Abstract

Acute aortic dissection is a serious and life-threatening condition that requires prompt, effective management. The purpose of this study was to evaluate the efficacy and safety of esmolol for heart rate control in patients with acute aortic dissection in the Emergency Department (ED). This was a retrospective, descriptive analysis of patients treated for type A or type B acute aortic dissection in the ED at an academic medical center. The primary outcome was the proportion of patients achieving strict (≤60bpm) or lenient (≤80bpm) heart rate control within the first 60min of therapy at the study site. The primary safety endpoint was the incidence of hypotension, defined as a systolic blood pressure of <90mmHg or a mean arterial pressure of ≤60mmHg. Of 266 patients screened, 40 patients met inclusion criteria.

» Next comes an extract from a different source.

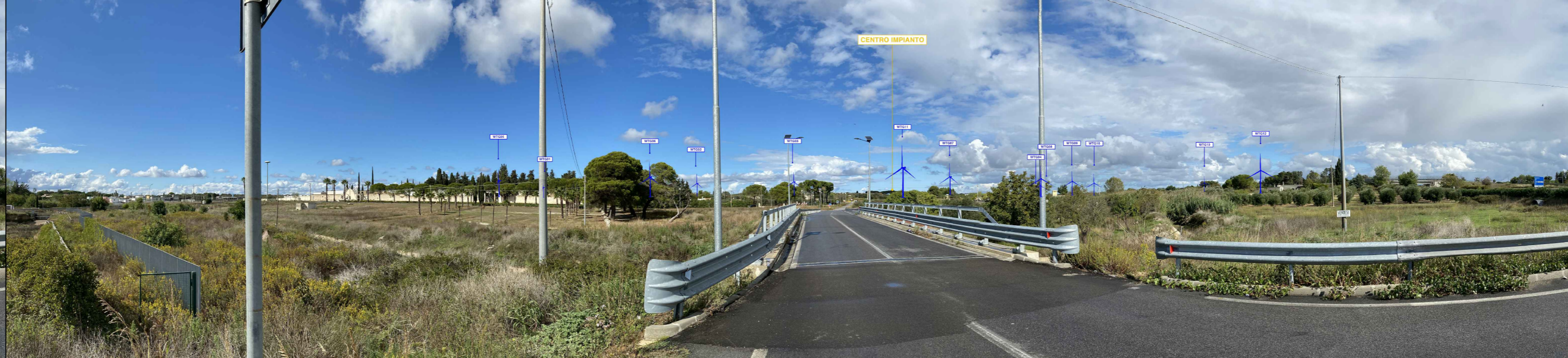
PV 11 da "COMUNE DI LATIANO -STRADA PAESAGGISTICA" INDICAZIONI IMPIANTI B

Thirty-three patients (82.5%) attained lenient rate control within the first 60min of esmolol therapy. Eleven patients (27.5%) achieved a strict heart rate goal within the first 60min of esmolol therapy. Five patients (12.5%) experienced an episode of hypotension during the first 3h of esmolol therapy. In patients treated with esmolol infusion for acute aortic dissection, a lenient HR goal was achieved in most patients. In contrast, esmolol was not associated with attainment of strict HR control in most patients included in this sample. Further studies are warranted to evaluate the exact role of esmolol in acute aortic dissection in a larger patient population.